The Middle East and North Africa’s largest independent steel producer said the rise was due to long sales increasing 8 percent to 20 billion pounds which was partly offset by a fall in flat sales of 16 percent to 5.58 billion pounds.

Other product sales were posted at 304 million pounds though the company did not provide year-on year comparative numbers.

“The decline in flat sales was particularly evident in the domestic markets,” Ezz Steel said in a statement Friday. “Prices declined across both long and flat steel, as well as in Egypt and the international market, during the first half of 2019.”

“However, in general, the decline slowed in the second quarter,” the company added.

Ezz Steel’s pre-tax first-half earnings (EBIDTA) totaled EGP 660 million ($40.5 million), a sharp 81 percent fall.

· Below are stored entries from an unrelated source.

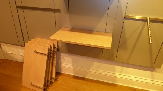 * shop fitting wall system - 4 section - with 7 shelves, hanging rail, waterfall rail and 4 x flat bars for prongs. 2800w (700w each section) x 2350h.
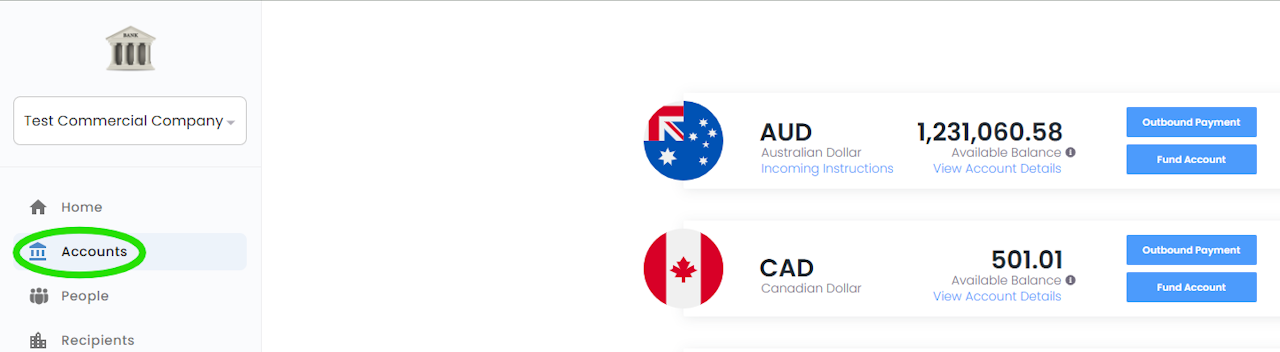 Outbound Payment - Allows you to send a wire from this account to a recipient
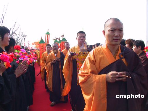 九月二十七日,“中国佛教名山聚首狼山活动”在江苏南通举办,来自山西五台、浙江普陀、四川峨眉、安徽九华四大佛教名山,陕西终南山、云南鸡足山、河南嵩山、浙江天台山、湖南衡山、江西庐山等主要国内佛教道场等人士,以及与佛教有着殊胜因缘的海内外朋友一千余人,齐聚紫琅之巅,共吟和谐梵音。图为开幕式中的迎请仪式。中新社发 朱晓颖 摄
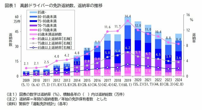 返納率で見ると、2019年に大きく上昇した後は、2023年まで低下が続いていたが、2024年は、65歳以上の返納率は前年を上回り、75歳以上の返納率は引き続き低下していた。
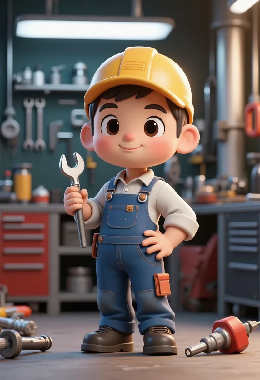 8. Cartoon character representing various occupations, mechanic in overalls, workshop tools, realistic details, 3D cute look.
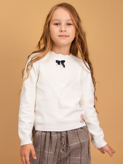 Теплый джемпер для девочки. Мягкий, вязаный трикотаж не сковывает движений, обладает хорошей воздухопроницаемостью и приятно облегает тело. Джемпер прекрасно сочетается как с юбками, так и с брюками. Великолепный выбор для стильного образа на каждый день.
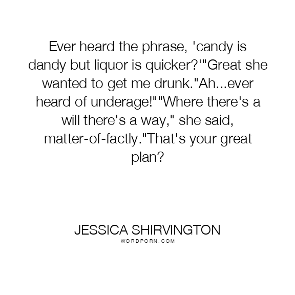 Ever heard the phrase, 'candy is dandy but liquor is quicker?'"Great she wanted to get me drunk."Ah...ever heard of underage!""Where there's a will there's a way," she said, matter-of-factly."That's your great plan?
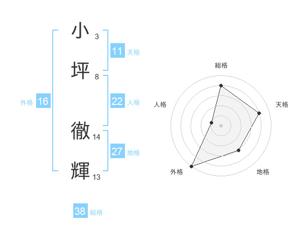 小坪 徹輝さんを姓名の画数から五運を鑑定
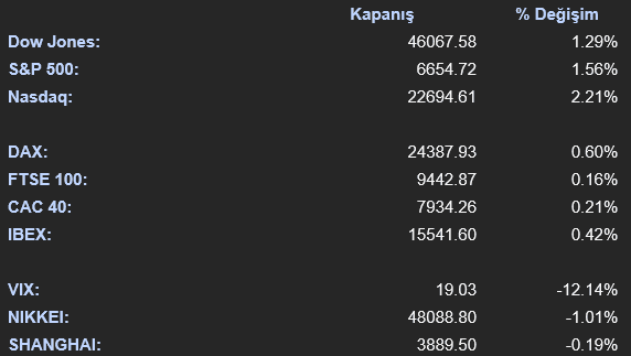 ABD endeksleri günü belirgin kazançlarla tamamladı. Dow Jones endeksi %1.29 artışla 46,067.58 puandan, S&P 500 endeksi Mayıs ayından bu yana en iyi seansını yaşayarak %1.56 artışla 6,654.72 puandan ve teknoloji odaklı Nasdaq endeksi %2.21 artışla 22,694.61 puandan kapandı. S&P 500 endeksinde en iyi performansı %2.47’lik yükselişle Bilişim Teknolojileri ve %2.29’luk artışla Takdirsel Tüketim sektörleri gösterirken, en zayıf performansı %0.09’luk düşüşle Sağlık ve %0.36’lık düşüşle Temel Tüketim sektörleri sergiledi.
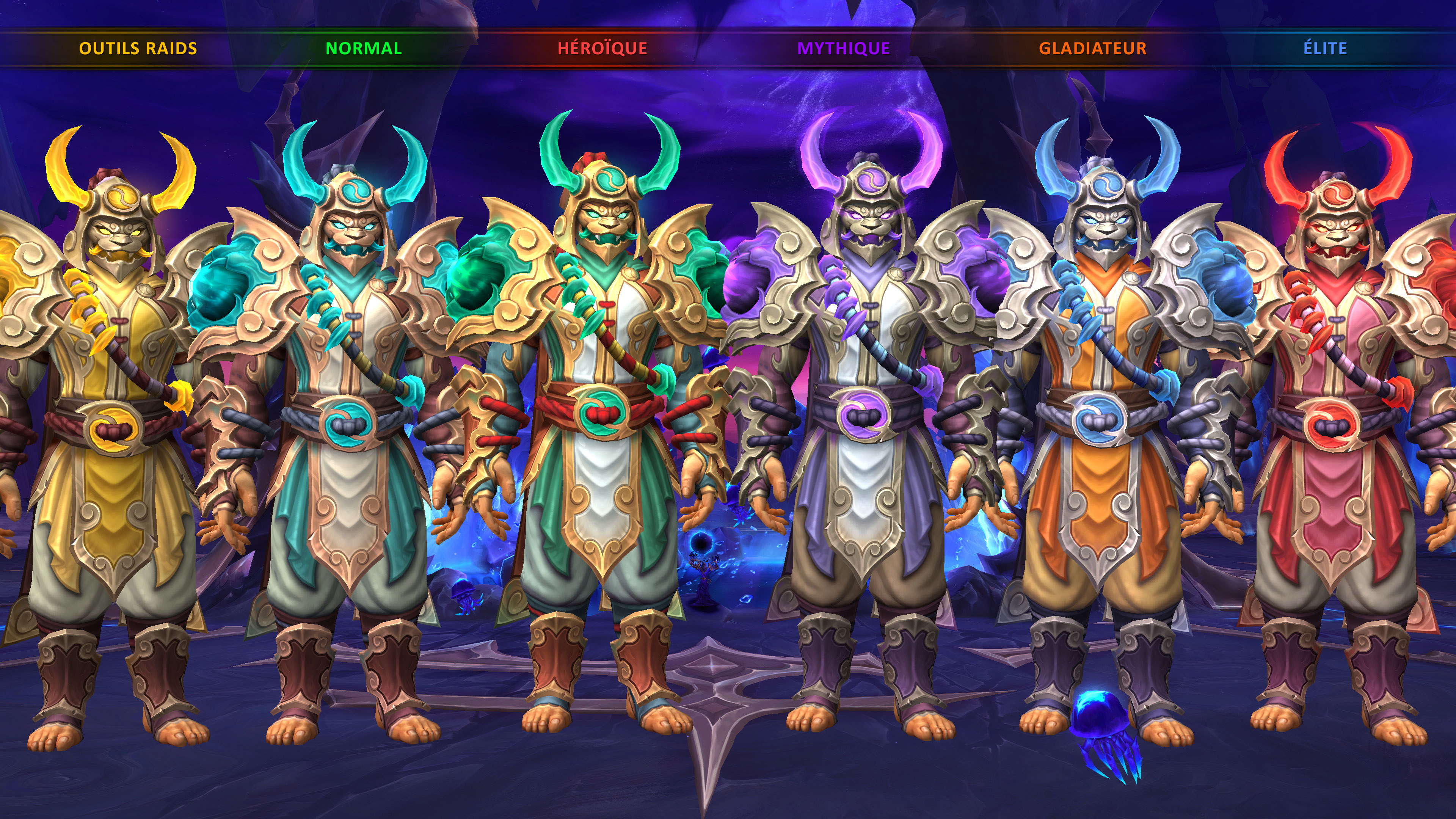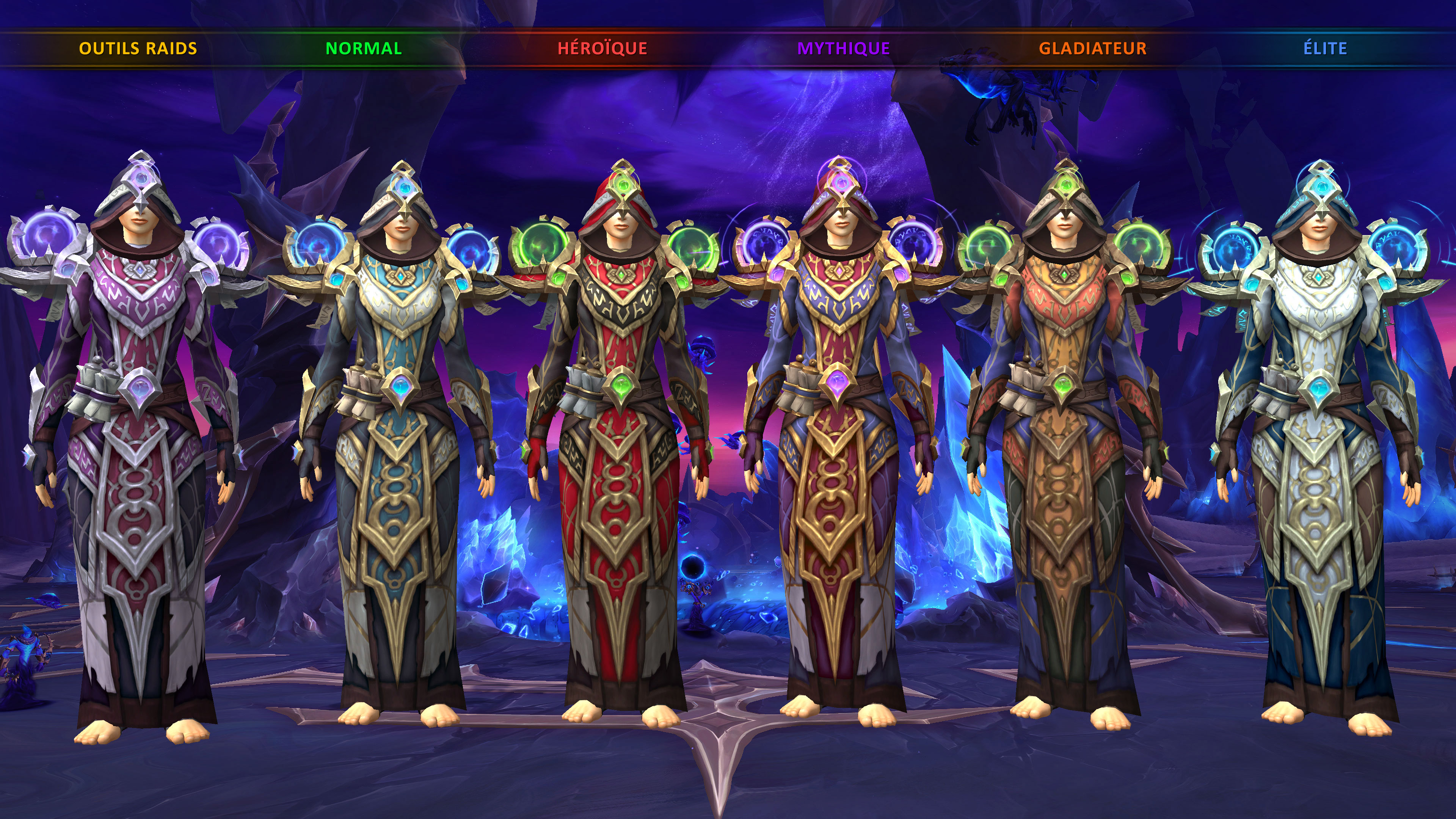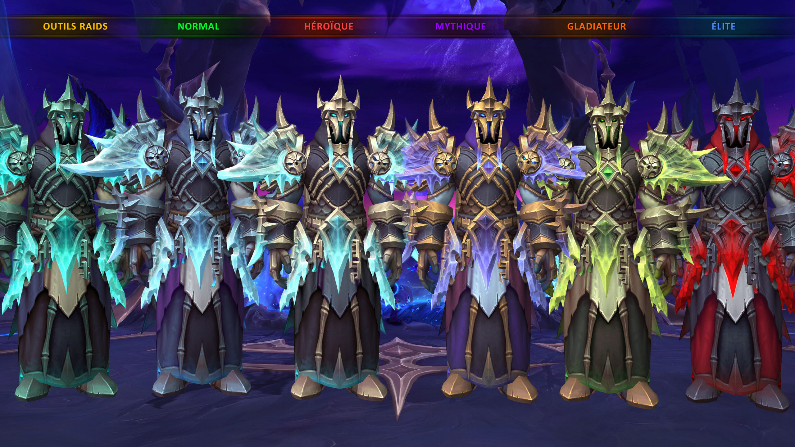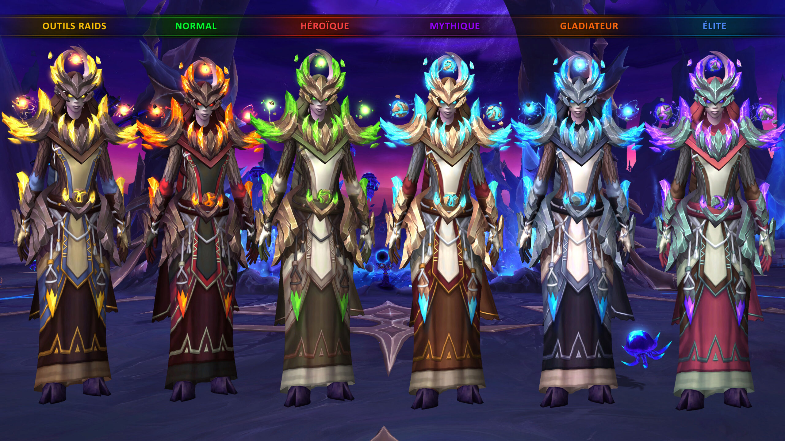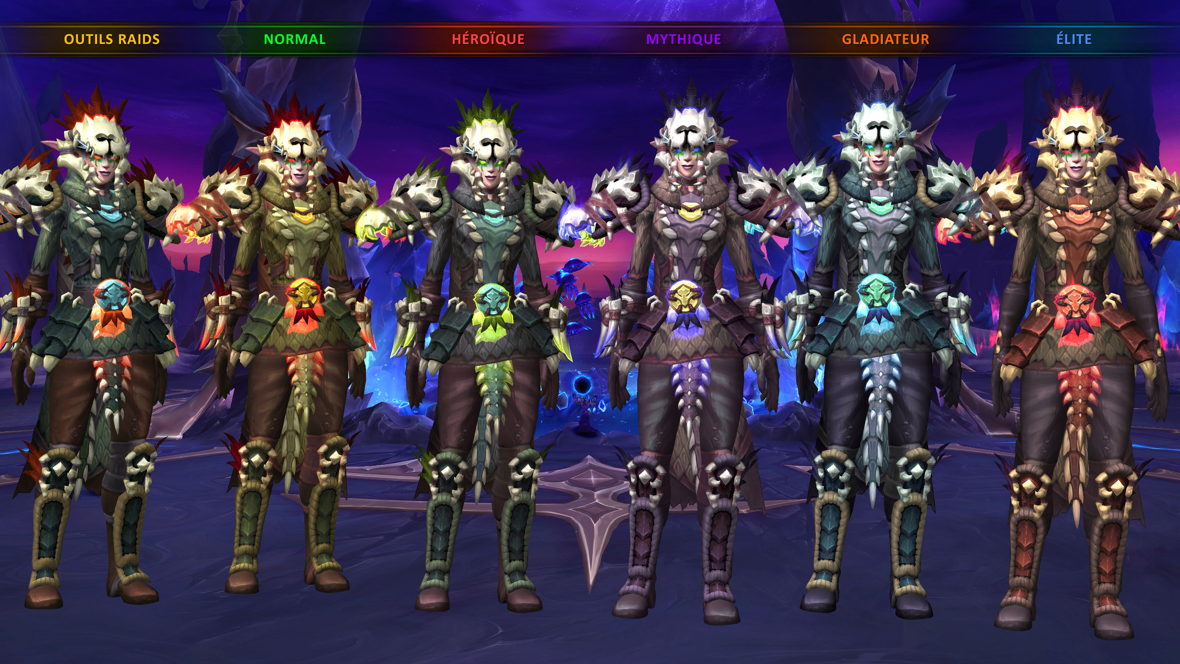 Une nouvelle mécanique permet de débloquer toutes les variations précédentes lorsque vous complétez un ensemble de la difficulté supérieure. Lorsque vous obtenez les 9 pièces de l'ensemble (hors sets y compris) en mode mythique, vous obtenez automatiquement les teintes de couleurs en mode outils raids, normal et héroïque.

Ezz Steel Managing Director Paul Chekaiban said that “while again showing the operational efficiency of our plants along with the steel sector globally, we continued to suffer from the falling price of steel products and the rising costs of iron ore pellets.”

“This pressure was increased by the exceptionally high costs of funding and energy in Egypt,” he said.

Chekaiban added: “Looking forward, we expect a gradual relief from the adverse circumstances affecting our company, allowing us to fully benefit from the continued improvement of our operational performance.”